Maths SolverA system of linear equations is two (or more) linear equations that have to be true at the same time. Geometrically, each linear equation in two variables draws a straight line in the $xy$-plane, and the “system” asks where those lines meet. Two non-parallel lines meet at exactly one point, and the coordinates of that point are the solution.
At school you almost always meet these as $2 \times 2$ systems — two equations, two unknowns — and the two methods you are expected to know are substitution and elimination. They give the same answer; the difference is purely how much arithmetic you have to do.
The standard form
Write each equation as
$$ax + by = c.$$
A system is then a pair like
$$\begin{cases} 2x + 3y = 12 \\ x - y = 1. \end{cases}$$
Get into the habit of writing the equations one above the other with the $x$’s above the $x$’s and the $y$’s above the $y$’s. Most arithmetic mistakes in elimination come from misalignment.
Method 1 — substitution
Pick one equation and isolate one variable in terms of the other. From the second equation above, $x = y + 1$. Substitute that into the first:
$$2(y + 1) + 3y = 12 \implies 2y + 2 + 3y = 12 \implies 5y = 10 \implies y = 2.$$
Then back-substitute: $x = y + 1 = 3$. The solution is $(x, y) = (3, 2)$, and you should always check by plugging the pair back into both original equations.

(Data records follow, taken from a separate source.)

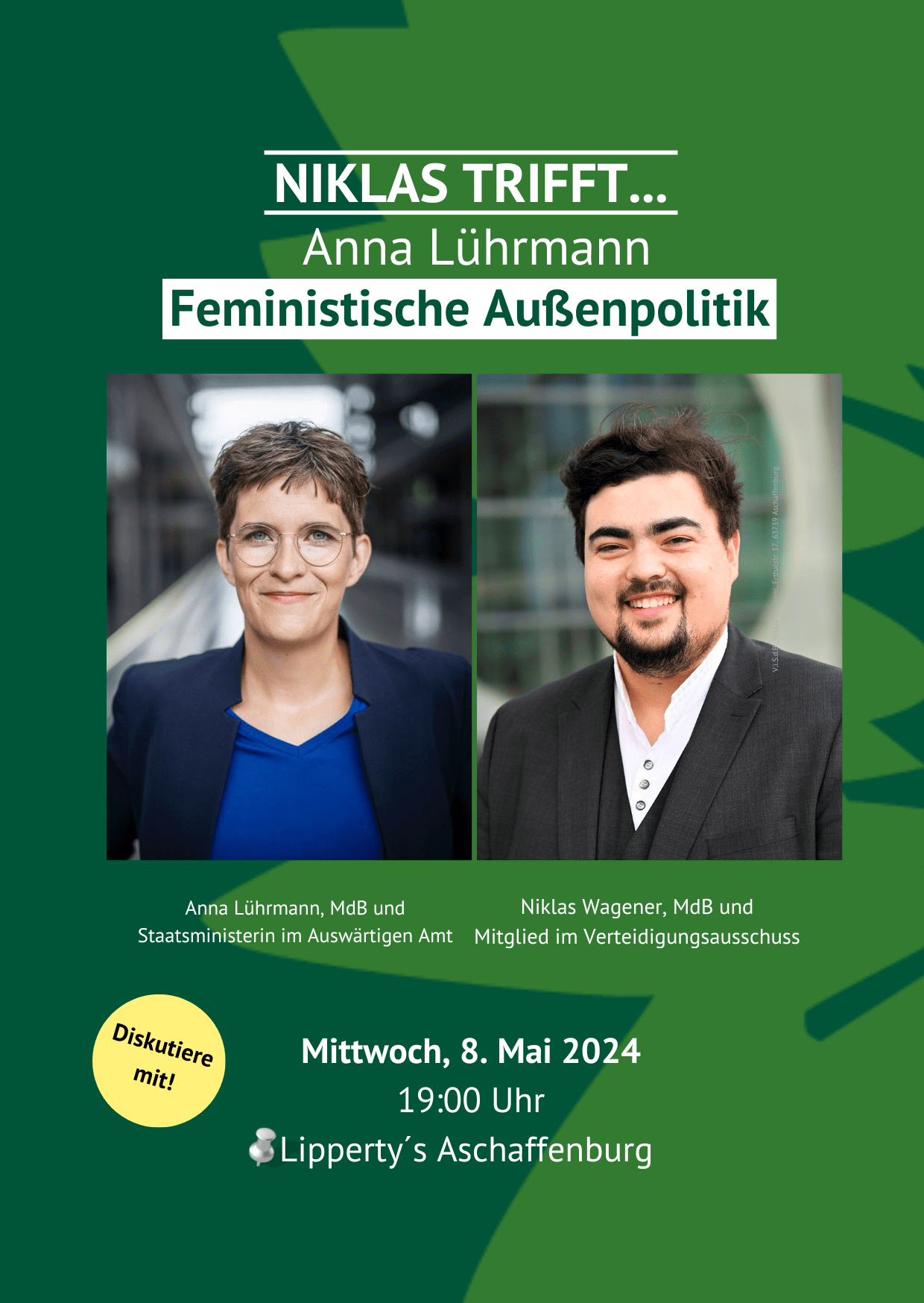 Diese und andere Fragen diskutieren der Aschaffenburger Bundestagsabgeordnete Niklas Wagener und Anna Lührmann, Staatsministerin für Europa und Klima im Auswärtigen Amt.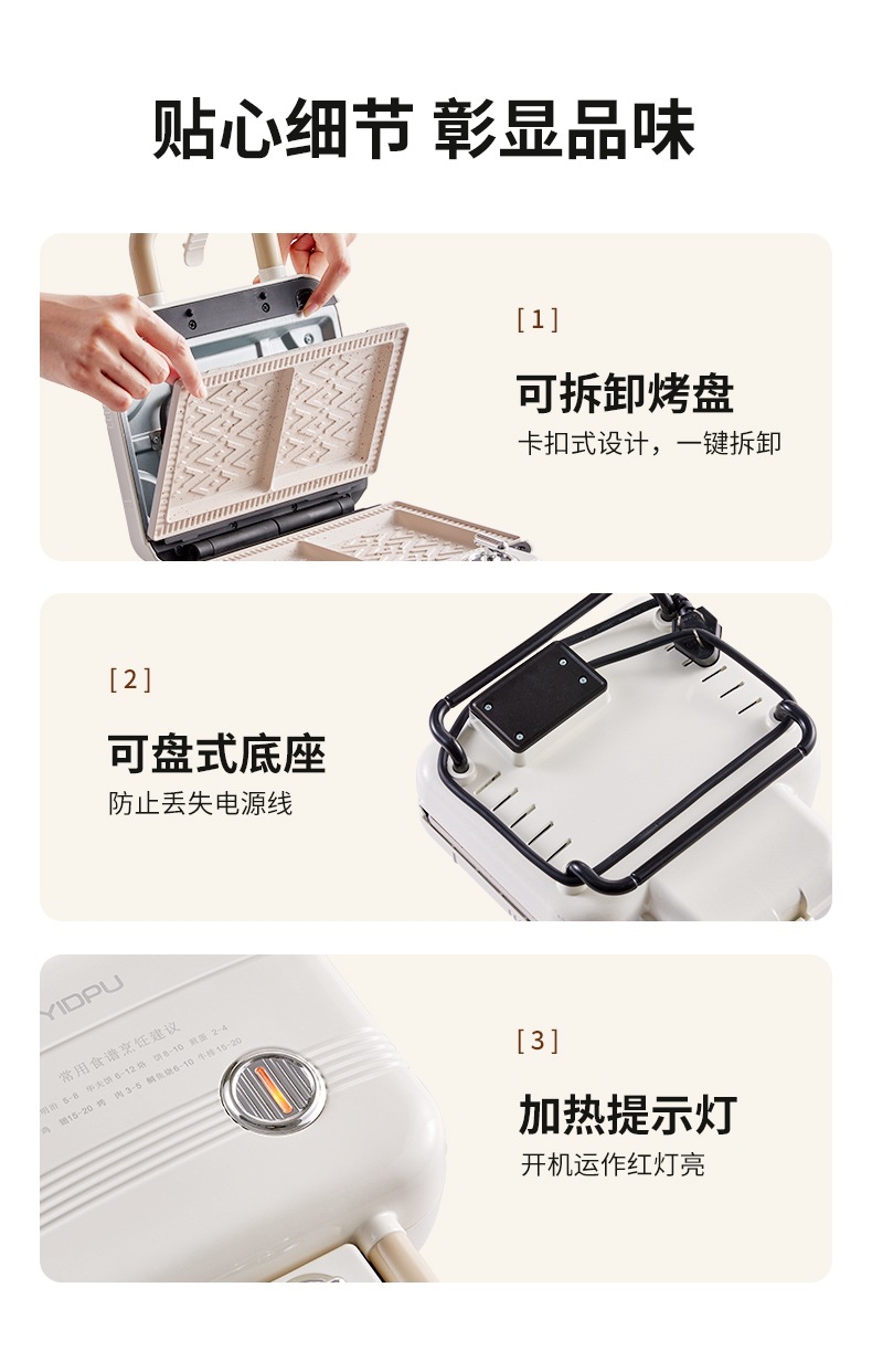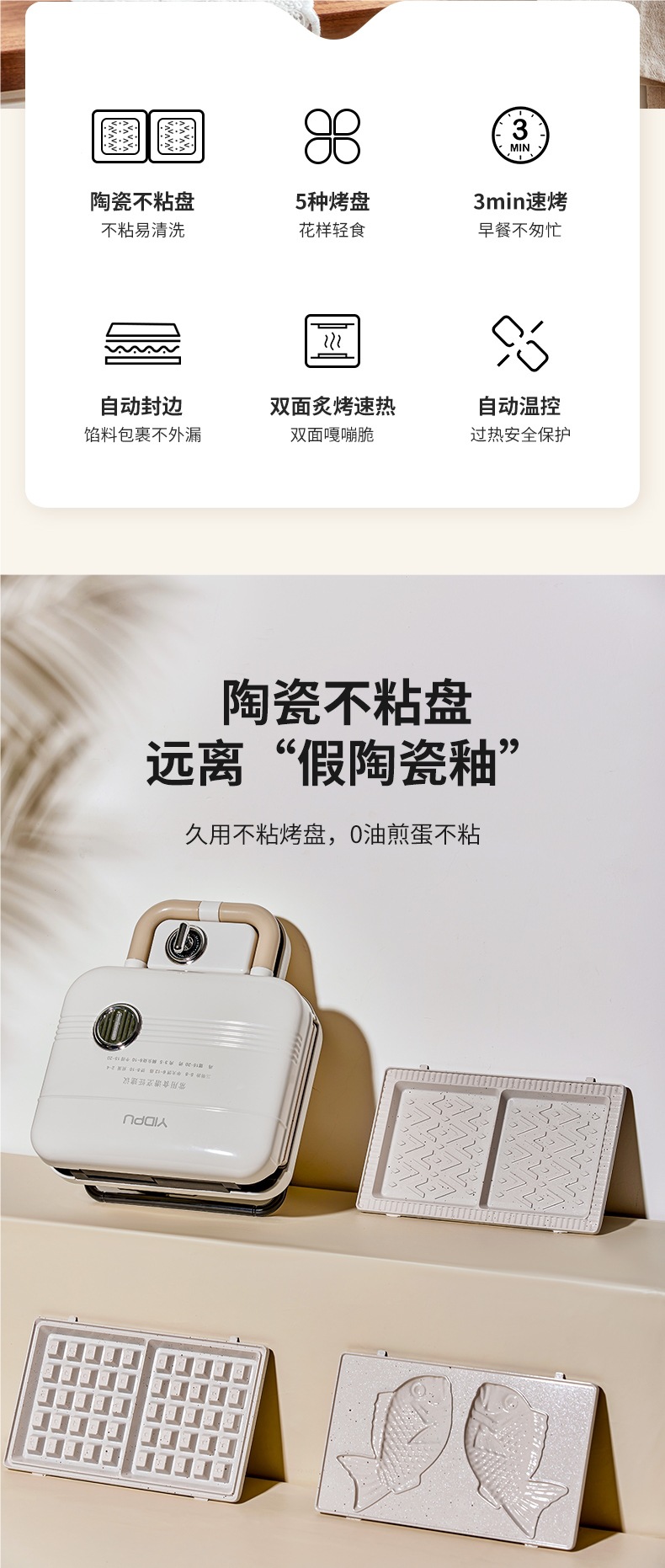 Yidepu 더블 디스크 샌드위치 아침 식사 기계 가정용 타이머 다기능 와플 가벼운 음식 기계 소형 빵 기계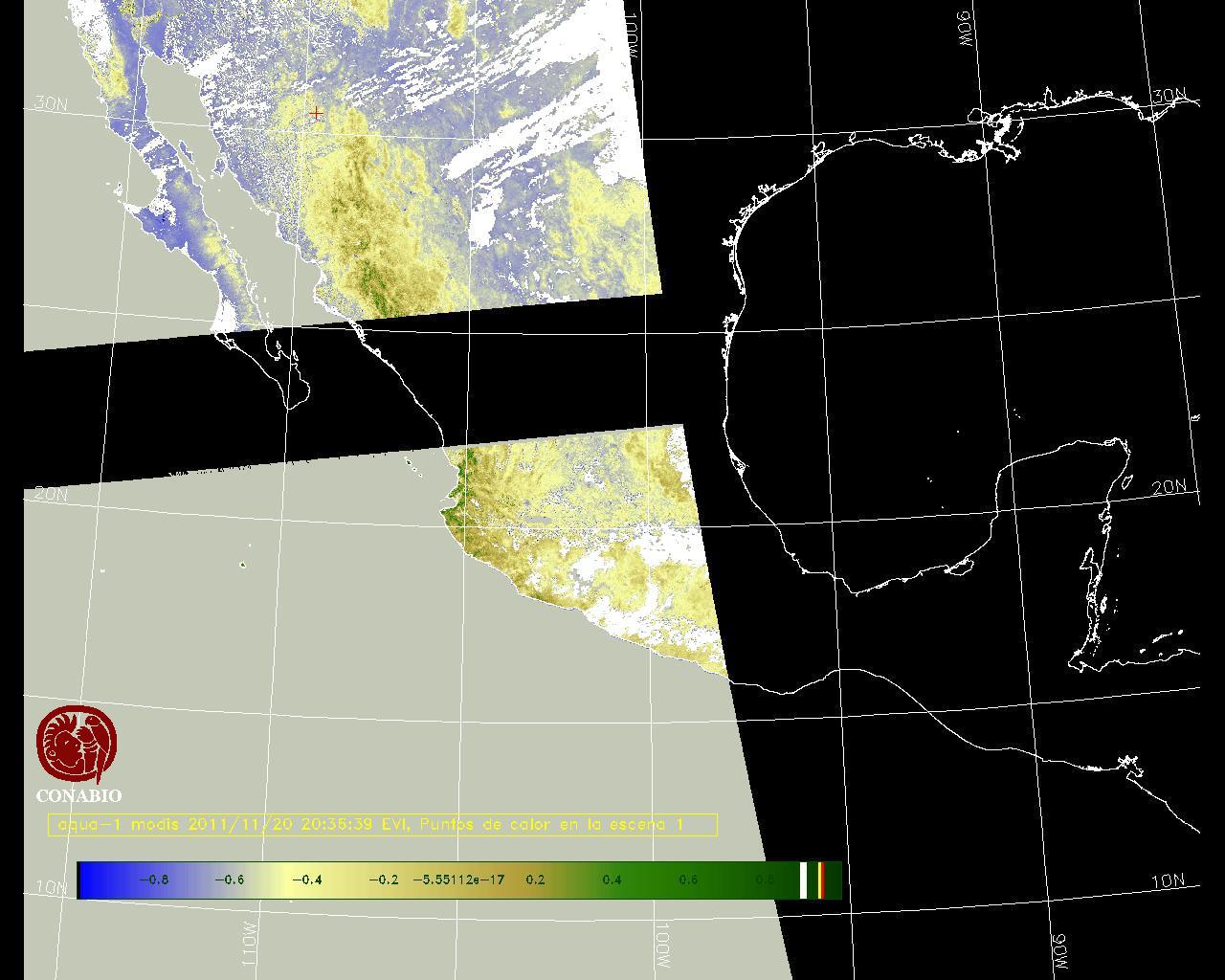 Nubosidad en el terreno:17% Nubosidad sobre México:11% Datos nulos en la escena:42% Datos nulos sobre México:26% |

Substitution is the right tool when one of the four coefficients is already $1$ or $-1$, because then isolating a variable is free. If all four coefficients are large, elimination is faster.
Method 2 — elimination
Multiply each equation by whatever constant turns the coefficient of one variable into matching values, then subtract one equation from the other so that variable cancels. Same example:
$$\begin{cases} 2x + 3y = 12 \\ x - y = 1. \end{cases}$$
Multiply the second equation by $2$ to match the $x$ coefficients: $2x - 2y = 2$. Subtract that from the first:
$$(2x + 3y) - (2x - 2y) = 12 - 2 \implies 5y = 10 \implies y = 2.$$
Same answer. Then plug back into either original equation to find $x$.
The two special cases
Not every system has a unique solution. Two cases occasionally come up.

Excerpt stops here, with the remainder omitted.